— Нет, она не думала шутить, — Бран с трудом поднялся на ноги. — Просто не хотела, чтобы мы помешали. Чтобы не пошли за ней… туда. А я вмешался… и он теперь…
Он не договорил. Развернулся и кинулся к двери.
Глава 18
Бран увидел, что капище горит.
Он побежал так быстро, как только мог. Голову разламывала боль, и ноги плохо слушались, каждый вдох был, словно острый нож. Бран подгонял себя, но знал: он движется медленно, нестерпимо медленно.
Дверь в капище оказалась нараспашку. Жаркий свет озарял сугробы, расстелил по пустырю оранжевый ковер. Протянувшись очень далеко, он упал под ноги Брану. Задохнувшись, тот ринулся вперед.

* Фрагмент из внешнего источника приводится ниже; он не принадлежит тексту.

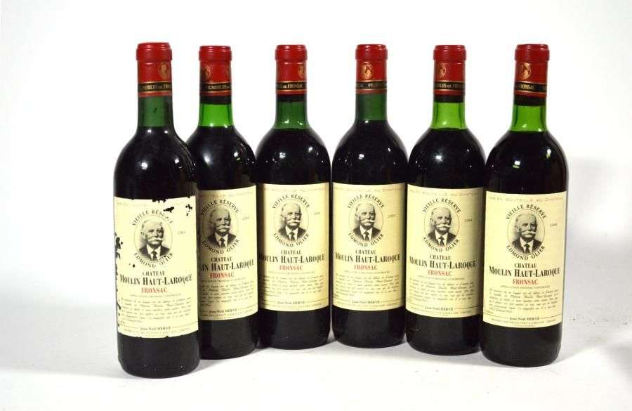 6 B CHÂTEAU MOULIN HAUT LAROQUE VIEILLE RÉSERVE EDMOND OLIER (Caisse Bois) H.E.+ ou mieux| 1 e.t.a. Fronsac 1964

Сначала ему почудилось, будто внутри пусто. То, что он принял за пожар, оказалось костром, пылавшим посередине. Хворост трещал, искры сыпались, исчезали в темноте, едва не касаясь балок.
— Улла? — позвал Бран.
Нет ответа, только жадный хруст огня. Бран огляделся.
Он увидал ее в глубине, в тени, у статуи Фригг. Она застыла, съежившись, понурив голову, вцепившись рукой в свое плечо. Рядом был конунг. Он сидел, привалившись к ногам статуи, голова лежала у богини на коленях, а глаза были закрыты. Он не шевелился.
— Улла, — окликнул Бран.
Она только ниже опустила голову. Бран подошел и посмотрел на конунга. Казалось, тот не дышит.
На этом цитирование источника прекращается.